↓↓↓

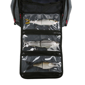 With both pop-out pockets collapsed, you can fit up to six 3600-size trays horizontally or vertically. Pop out one pocket to make space for three more trays, or use the compartments to store plastics, spools of line, scents, or even a water bottle. Three snagless PVC interior pockets keep your gear dry and your valuables safe. On the exterior, a side slip pocket holds two rod combos, while additional storage pockets and a plier holder keep essentials within easy reach.
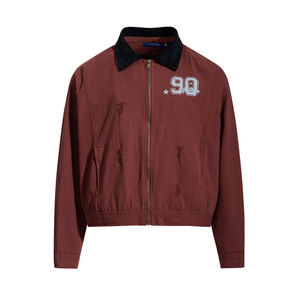 美式复古拼接字母印花翻领夹克男女秋冬新款潮流撞色情侣款外套
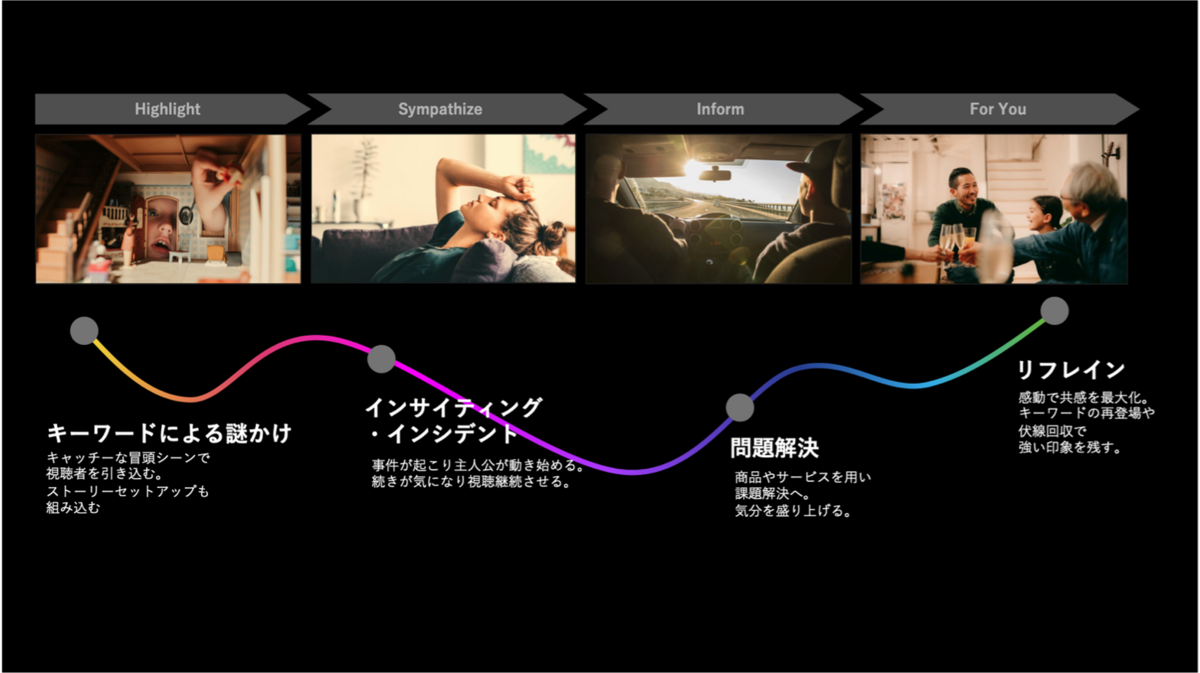 吉田:ストーリーテリングの手法は、これまで映画やドラマの脚本に活用されてきましたが、実は広告ではあまり活用されておらず、私たちはそれを長尺動画に積極的に取り入れて、さらに、時代性やトレンドも踏まえた構造に落とし込んでいくことにしました。

↑↑↑

◆ **Work instruction**:
Please return the material above unchanged, with every picture removed.

◆ **Exercise response**:
 With both pop-out pockets collapsed, you can fit up to six 3600-size trays horizontally or vertically. Pop out one pocket to make space for three more trays, or use the compartments to store plastics, spools of line, scents, or even a water bottle. Three snagless PVC interior pockets keep your gear dry and your valuables safe. On the exterior, a side slip pocket holds two rod combos, while additional storage pockets and a plier holder keep essentials within easy reach.
 美式复古拼接字母印花翻领夹克男女秋冬新款潮流撞色情侣款外套
 吉田:ストーリーテリングの手法は、これまで映画やドラマの脚本に活用されてきましたが、実は広告ではあまり活用されておらず、私たちはそれを長尺動画に積極的に取り入れて、さらに、時代性やトレンドも踏まえた構造に落とし込んでいくことにしました。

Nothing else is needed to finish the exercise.